Да, чуток поспорил со Ждановым: в нынешнее время рискованно отъединяться от европейской науки, она необходима нам для реального прорыва к новому уровню технологии, только она позволит довести до конца проект в те сроки, которые назвал Иосиф Виссарионович. Пропаганда пропагандой, а промышленность промышленностью, тут заклинания не помогут, нужны реальные мощности, а не те, о которых печатают в победных газетных реляциях, работаем на станках прошлого века… Спор о немецких трофеях, которые не доставили на указанные заводы?
Но ведь сам Иосиф Виссарионович последнее время постоянно повторяет: «Не бойтесь спорить, не старайтесь заранее все согласовать по кабинетам; в свое время мы сутками спорили с Каменевым, а позже с Бухариным, ничего не случалось, договаривались добром или на время расходились, искали компромисс…»
Маленков повторил про себя «искали компромисс», усмехнулся; знаем, чем кончился «компромисс»… Неужели и со мною он так же разойдется? А что ему? И не таких ставил к стенке…
Если не поможет Лаврентий – я кончен; обидно и горько: в несчастной России всегда уповали на ходатая; холопы; захочет ли Берия спасти его? Ему не поздно переориентироваться на Жданова… Тот оттер всех, блок с ним выгоден каждому…
Я еду в ссылку, повторил себе Маленков, я брошен в Ташкент, на укрепление… Ежова тоже бросили на укрепление водного хозяйства России…
За что?! Кто еще предан ему так, как я?! И Маленков, прижавшись еще крепче к стеклу, спросил себя: «предан»? Или «был предан»?
Зачем он играет нами, как пешками? Не офицерами или турами, а именно пешками?!
Что с ним? Ему еще нет семидесяти, откуда такие маразматические явления – нельзя предугадать утром, что случится вечером… Он и раньше был готов на все, что же меня ждет сейчас?!
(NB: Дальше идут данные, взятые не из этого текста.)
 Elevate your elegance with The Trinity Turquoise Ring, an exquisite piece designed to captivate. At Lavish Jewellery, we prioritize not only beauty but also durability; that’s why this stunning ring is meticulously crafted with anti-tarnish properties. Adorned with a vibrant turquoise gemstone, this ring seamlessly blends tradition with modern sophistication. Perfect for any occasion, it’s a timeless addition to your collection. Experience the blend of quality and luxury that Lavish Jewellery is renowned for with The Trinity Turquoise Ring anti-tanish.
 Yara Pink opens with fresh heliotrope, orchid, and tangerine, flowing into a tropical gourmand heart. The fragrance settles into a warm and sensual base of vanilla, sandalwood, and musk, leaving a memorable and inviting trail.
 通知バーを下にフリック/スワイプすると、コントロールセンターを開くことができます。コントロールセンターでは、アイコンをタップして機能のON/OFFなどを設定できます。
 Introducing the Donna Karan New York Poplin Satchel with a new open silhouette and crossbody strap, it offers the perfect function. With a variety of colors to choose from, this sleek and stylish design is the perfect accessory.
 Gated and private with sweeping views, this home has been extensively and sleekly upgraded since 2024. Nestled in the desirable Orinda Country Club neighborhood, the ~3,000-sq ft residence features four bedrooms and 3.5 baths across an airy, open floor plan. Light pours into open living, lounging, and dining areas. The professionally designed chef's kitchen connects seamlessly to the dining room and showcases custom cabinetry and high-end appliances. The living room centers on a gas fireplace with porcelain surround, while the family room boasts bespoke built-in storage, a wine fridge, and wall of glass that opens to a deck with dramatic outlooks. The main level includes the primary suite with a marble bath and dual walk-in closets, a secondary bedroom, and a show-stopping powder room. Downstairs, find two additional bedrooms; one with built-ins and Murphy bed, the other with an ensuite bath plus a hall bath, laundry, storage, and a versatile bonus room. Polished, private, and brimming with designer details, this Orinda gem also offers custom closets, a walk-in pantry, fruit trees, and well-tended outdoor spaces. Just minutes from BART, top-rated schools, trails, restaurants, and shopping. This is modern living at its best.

А может быть, правду шептали о том, что после пятидесяти лет он совершенно изменился? Шептали, что у него открылась тяжелая форма паранойи? Он же подозрителен, как жена-тиран…
С тридцать четвертого по тридцать восьмой Сталин пережил климакс, это говорили братья Коганы, консультанты Хозяина, – все в порядке вещей, ломка организма…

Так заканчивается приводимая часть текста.